Hemodynamic responses to the cold pressor test in spinal cord-injured individuals; control of the splanchnic vascular bed is the key factor

Recently, Catz et al.¹ reported on the hemodynamic effects of a cold pressor test (CPT) of the hand in spinal cord-injured (SCI) individuals with T4-6 paraplegia, C4-7 tetraplegia and control individuals. They demonstrated an increase in heart rate in all three groups. Blood pressure increased in controls and tetraplegia but not in paraplegia. The authors suggest an independent thoracic spinal mechanism to be responsible for the hemodynamic response to a CPT of the hand in SCI individuals. We have read this article with great interest, because hemodynamic responses in SCI individuals are still not fully understood. However, we would like to challenge the authors and readers to view the results and conclusions from a different angle.

A CPT will elevate sympathetic activity, which will increase heart rate, cardiac contractility and peripheral resistance.² Consequently, blood pressure will increase, as it is the result of cardiac output (heart rate and cardiac contractility) and total peripheral resistance.² Two major vascular beds are, principally, responsible for the increase in peripheral resistance: the splanchnic and lower limb vascular beds, both innervated below T6.

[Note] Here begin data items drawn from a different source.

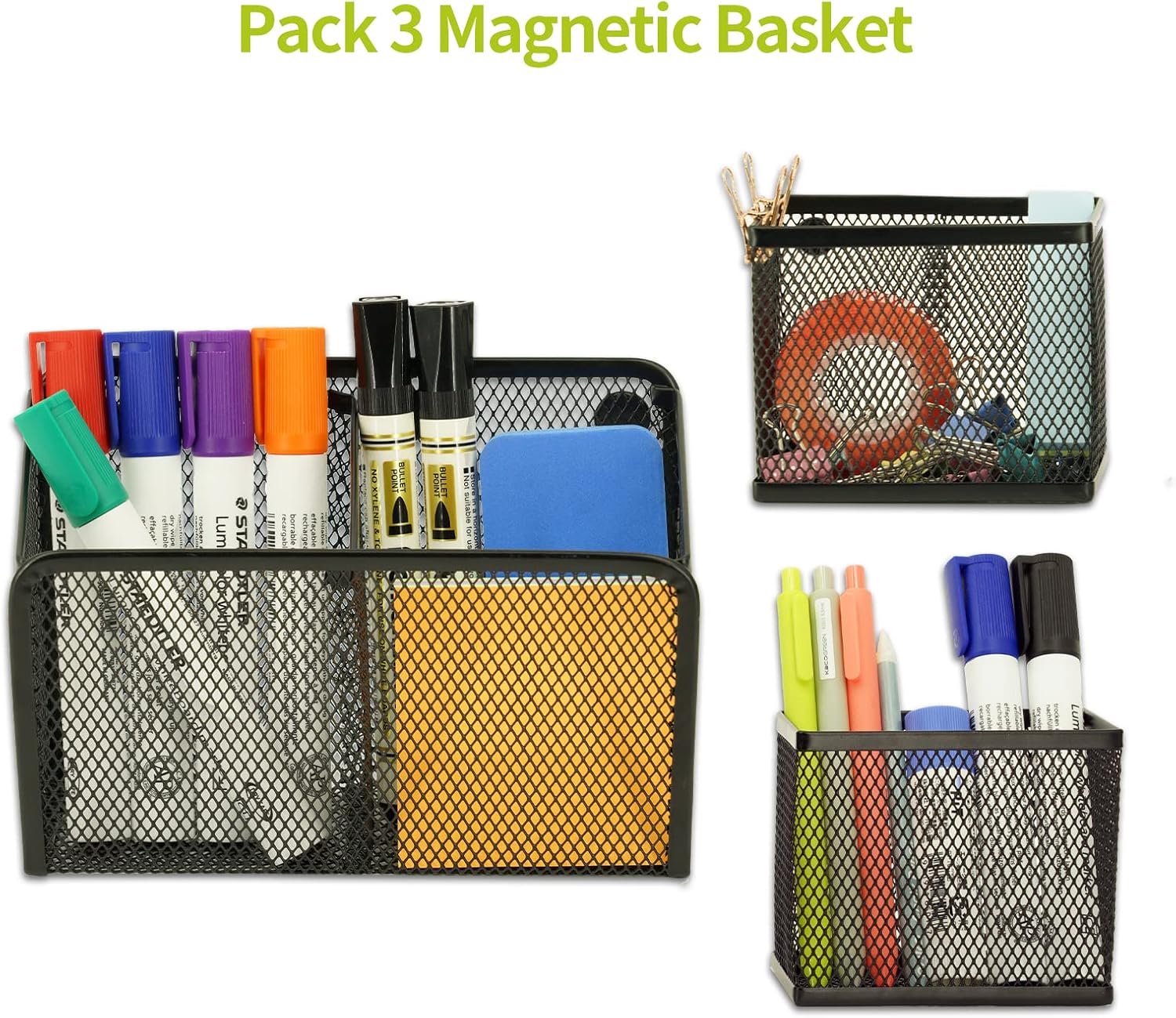 - [Strong Magnets] Heavy-duty magnets on this three-compartment magnetic mesh locker basket help hold it in place no matter where it is. Three useful compartments are included in the large holder to help keep everything organized. It can be secured on a whiteboard, in a locker, or on any other magnetic surface due to nine strong magnets
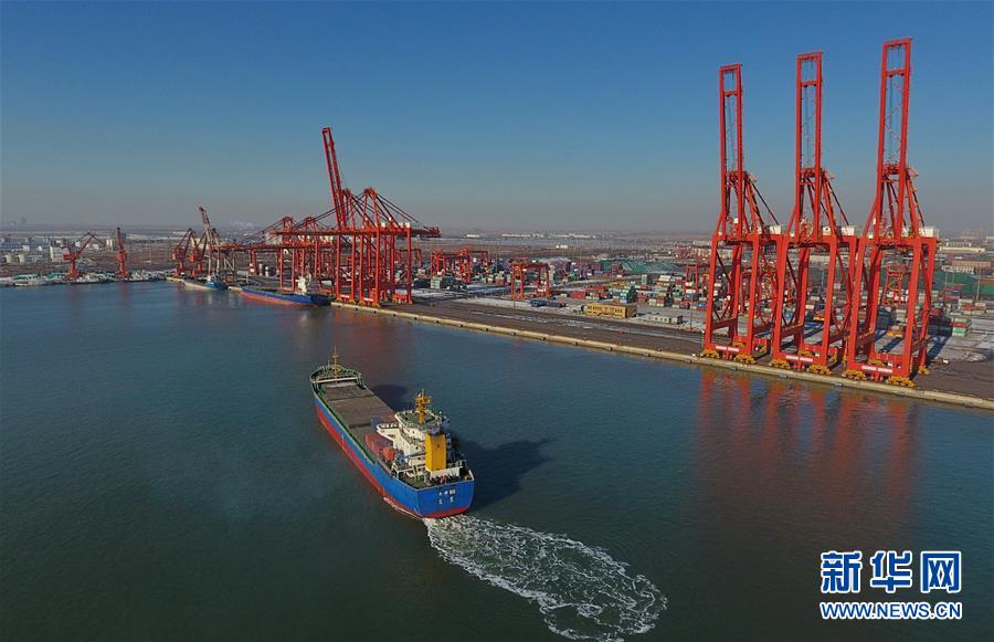 這是唐山港京唐港區(qū)集裝箱碼頭(12月13日無人機(jī)拍攝)。 記者從河北省交通運(yùn)輸廳獲悉,2018年1至11月,河北省港口貨物吞吐量完成10.5億噸,為年度計劃的104%,同比增長5.1%,位居全國沿海省份第四位。 新華社記者楊世堯攝
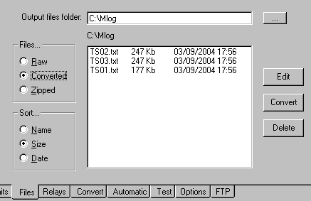 The raw files, the converted files or the zipped files can be displayed, with their date and size. Files can be viewed (or edited), and deleted.
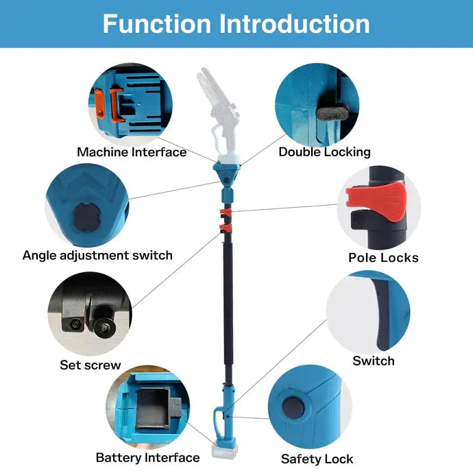 ▶【Package List】Electric tree trimmer x1, 6inch Small Chainsaw x 1,Telescopic Extension Pole x1,Battery Pack x2,,Chain ×1 (has been mounted on the chainsaw), Chain Bar ×1(has been mounted on the chainsaw), Quick Charger ×1, Guide Plate Cover×1,Storage bag x1,Chain Protection Cover×1,Chain Filing×1.
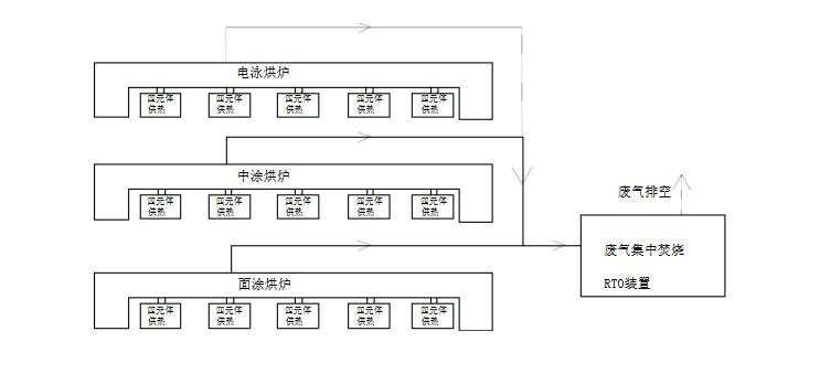 RTO系统是三个烘炉废气集中送至蓄热式,RTO焚烧炉焚烧,直接排空,废气排空温度较高。烘干室供热由四元体单独提供。
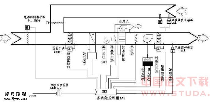 控制系统在除湿间送风口附近和回风管道中分别安装QFM3 160温湿度传感器,监测送、回风温湿度。实际系统中,经过充分混合的回风口温湿度应该与除湿间温室度最接近,故将其作为控制温湿度目标,即此温湿度传感器受控。控制系统的效果和精度不仅依赖于控制系统的电气特性,在很大程度上还依赖于控制方案的设计、执行机构的选择以及控制模式和参数的确定等因素。 (1)温度控制:根据回风温度控制制冷机和电加热。实际温度高于控制器设定值,制冷机开;实际温度低于控制器设定值,冷机关,电加热开。 (2)湿度控制:根据回风湿度控制除湿机。实际湿度高于控制器设定值,除湿转轮开,实际湿度低于设定值,除湿转轮关。 (3)再生风机和再生电加热的控制:根据送风湿度和回风湿度差值判断除湿机的除湿效果。湿度差值很小,则判断除湿效果好,可以启动再生风机和再生电加热;差值大于设定值时,关闭再生电加热,同时延时一段时间关闭再生风机,以便带走余热。 (4)过滤器检测:在初效和中效过滤器上分别安装压差开关,监视过滤网的吸尘效果,根据压差判断过滤器是否堵塞,并在控制器上报警,提示采取措施。 (5)风机状态检测:监控风机运行状态(如开启/关闭,正常/故障等),根据运行状况提供相应保护措施。在风机停止或故障停止,控制器报警,提示风机故障,同时立即停止所有受控设备,保护空调机组。 (6)风阀和风机联动:风机运行,风阀开启;风机停止,风阀关闭。2.2 系统构成
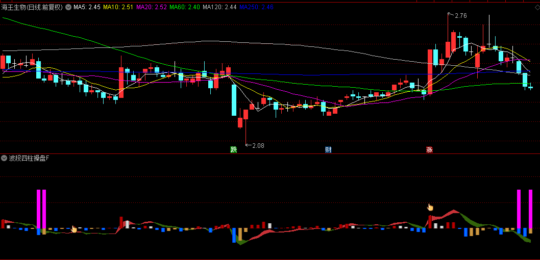 2.蓝柱出现:立即减仓,特别是下穿0轴后的首根蓝柱。
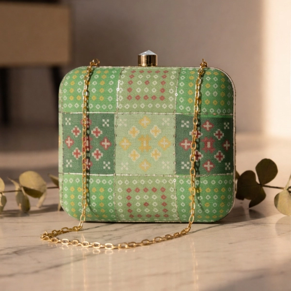 Royal Threadwork Embroidery Clutch – the beautifully embroidered patterns add a festive touch, making it perfect for weddings, festive celebrations, parties, and special occasions. Comes with a detachable gold chain for comfortable hand or shoulder carrying.
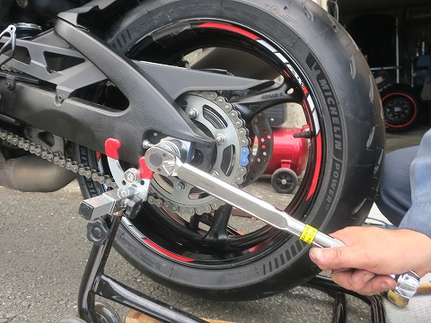 16:43 リヤは終了 掃除が終わったら、リヤホイールを組付け。 最後はトルクレンチを使って締め付けて、リヤタイヤ側は終了です。 次はフロントタイヤ側。 |
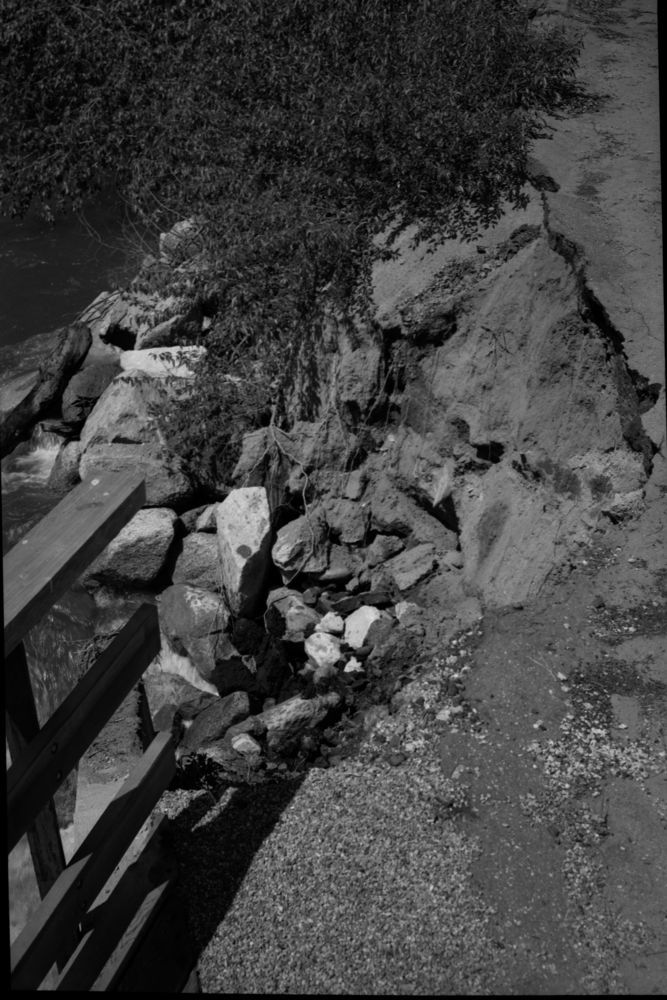 Robert Zink, South Fork Kings River, Cedar Grove, KCNP, Floods and Storm Damage, Highwater washing bridge abutment on Kings River Bridge. 690604.
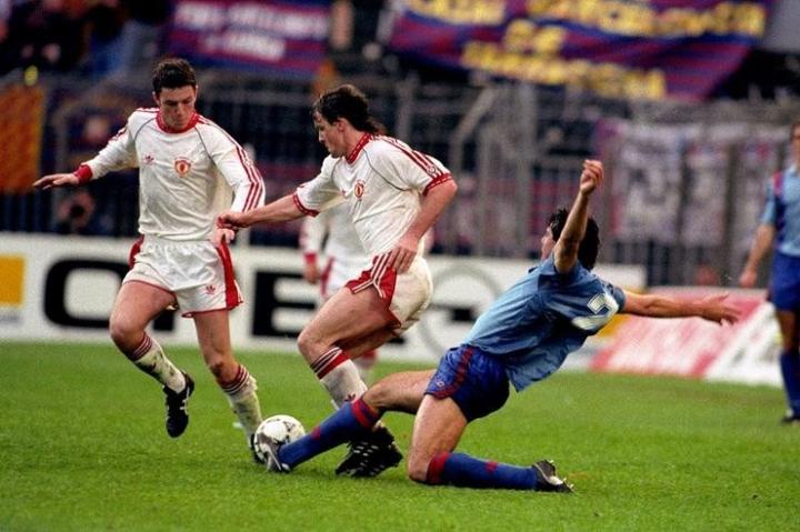 (图)在1991年欧洲优胜者杯决赛中,南多铲截曼联球员马克-休斯

A CPT of the hand in T4-6 paraplegia will elevate sympathetic activity above lesion level and, therefore, will increase heart rate and cardiac contractility. However, the splanchnic and lower limb vascular beds are innervated below the spinal cord lesion and do not contribute to the hemodynamic response to a CPT of the hand. Consequently, blood pressure can only marginally increase in T4-6 paraplegia in response to a CPT of the hand, as was shown by Catz et al.¹

In C4-7 tetraplegia a CPT of the hand, a nociceptive stimulus below the spinal cord lesion, will elevate sympathetic activity below lesion level, better known as autonomic dysreflexia (AD).³ This exaggerated overall sympathetic activity, without supraspinal control, will increase peripheral resistance, heart rate and cardiac contractility, because the heart is innervated from T1-4. Vasoconstriction of the splanchnic and lower limb vascular beds combined with an increase in cardiac output will increase blood pressure in C4-7 tetraplegia, as presented in the study by Catz et al.¹ In C4-7 tetraplegia, some individuals have a spinal cord lesion that can interfere with afferent fibers involved in the CPT of the hand (C6-T1), therefore, blood pressure did not reach values usually seen during AD.^{1, 3}

We believe, that neural control of the splanchnic and lower limb vascular beds is the key factor in hemodynamic responses to a CPT, as well as the location of the CPT (that is above or below the spinal cord lesion). The splanchnic vascular bed is of great interest, because AD only occurs in SCI individuals with a spinal cord lesion above T6.³ It seems that supraspinal control over the splanchnic vascular bed is essential in the hemodynamic response upon a sympathetic stimulus.

It would be of interest to study the hemodynamic response of the splanchnic and lower limb vascular beds to a sympathetic stimulus in SCI individuals, and maybe use a cold application to the forehead in tetraplegia (above lesion level), to avoid AD.